Hayden Davis bestätigte auch, dass er derzeit 100 Millionen Dollar aus der Tokeneinführung hält und auf weitere Anweisungen von Mileis Verwaltung wartet, was mit den Geldern geschehen soll.
Investoren, die $LIBRA auf dem Höhepunkt gekauft haben, wollen ihr Geld zurück, aber Davis erklärte, dass es kein klares Rückerstattungsverfahren gibt. Er skizzierte vier mögliche Optionen für den Umgang mit den Geldern:
- Keine Rückerstattung, stattdessen Spende des Geldes an eine argentinische gemeinnützige Organisation.
- Ein Rückerstattungsverfahren, obwohl die Verfolgung einzelner Verluste komplex und zeitaufwändig wäre.
- Wiedereinführung der 100 Millionen Dollar in den Markt, um den LIBRA-Kurs künstlich wieder auf seinen historischen Höchststand zu bringen.

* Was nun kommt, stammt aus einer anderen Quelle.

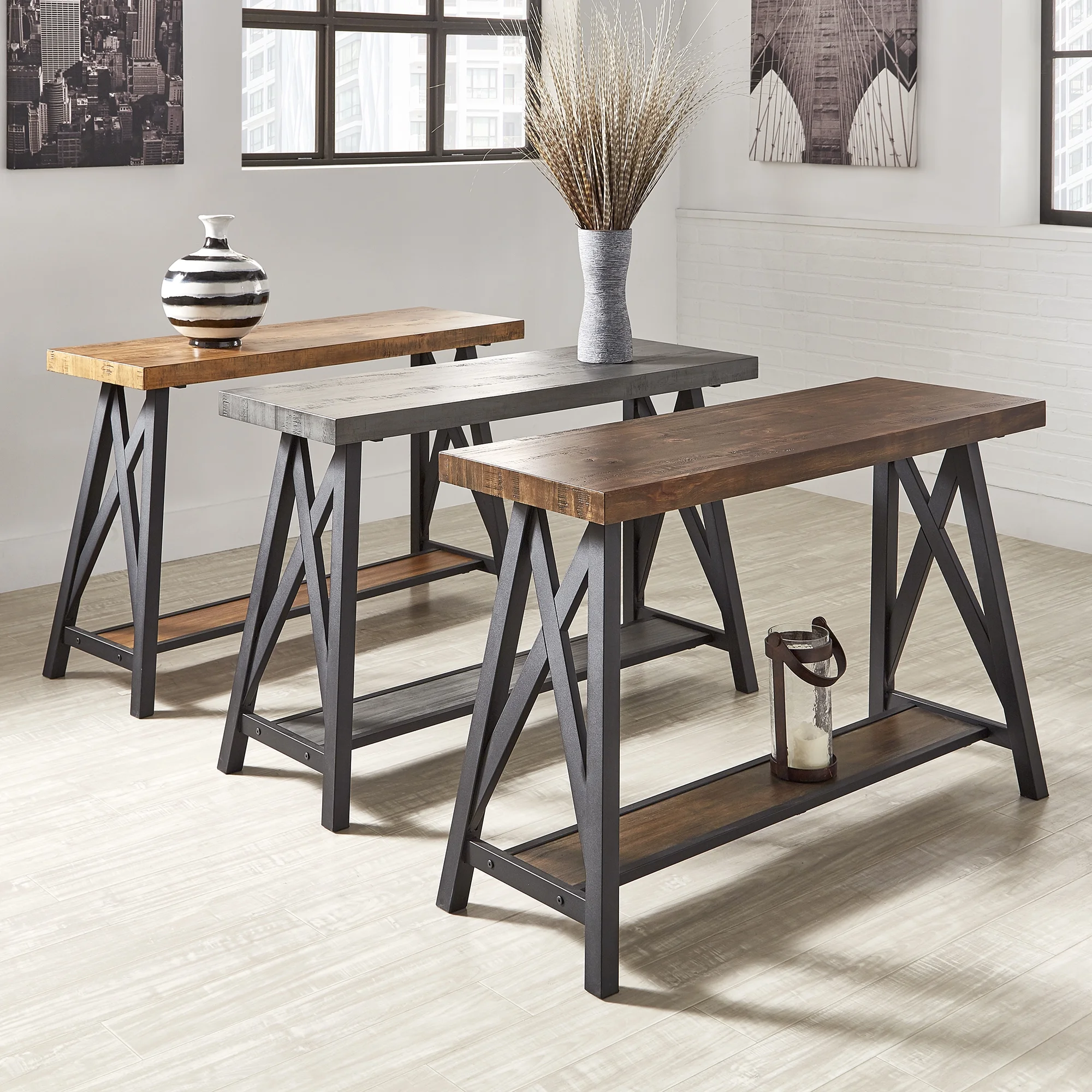Display rustic, yet modern charm in your living room with the Weston Home Westyn Console Table. With ample surface to double as a Media Console, this table is a perfect mix of industrial and natural elements. A weathered wood table top complements the sharp features of the metal X-cross base to display a unique, contemporary look for your home. The open bottom shelf offers just enough space to display treasured items, while multiple wood finishes make coordinating this table with your existing color scheme a breeze. Pair with the Westyn Coffee Table and Westyn End Table to complete the look.

- Eine hybride Lösung, bei der die Mittel verteilt werden und gleichzeitig die Marktstabilität erhalten bleibt.
Gleichzeitig räumte Davis ein, dass die erneute Zuführung von Geld in den Markt eine weitere Gelegenheit für Insiderhandel schaffen könnte. Wenn Händler wüssten, dass ein großer Kaufauftrag bevorsteht, könnten sie den Token im Voraus kaufen, den Preisanstieg miterleben und auf dem Höhepunkt verkaufen - und so den Zyklus der Marktmanipulation wiederholen.
"Wenn ich ankündige, dass das Geld zurückkommt, wird jeder Händler, der bei Verstand ist, die Kursdelle kaufen und von ihr profitieren. Das führt nur zu einem weiteren Szenario des Insiderhandels", argumentierte Hayden.
Er erklärte auch, dass er die Gelder noch nicht freigeben könne, da sie sein einziges "Druckmittel" in den Verhandlungen mit den Regierungsvertretern seien. "Wenn ich die Kontrolle über das Geld aufgebe, verliere ich alle Macht, die ich in dieser Situation habe. Ich brauche Antworten von Javiers Team, bevor ich etwas unternehme", sagte Davis.
Wie wir bereits berichteten, sind die Analysten von Bubblemaps "sehr zuversichtlich", dass der Libra (LIBRA) Memecoin und der Melania (MELANIA) Token von demselben Team lanciert wurden, was neue Bedenken über Marktmanipulationen und "Pump and Dump"-Schemata aufkommen lässt.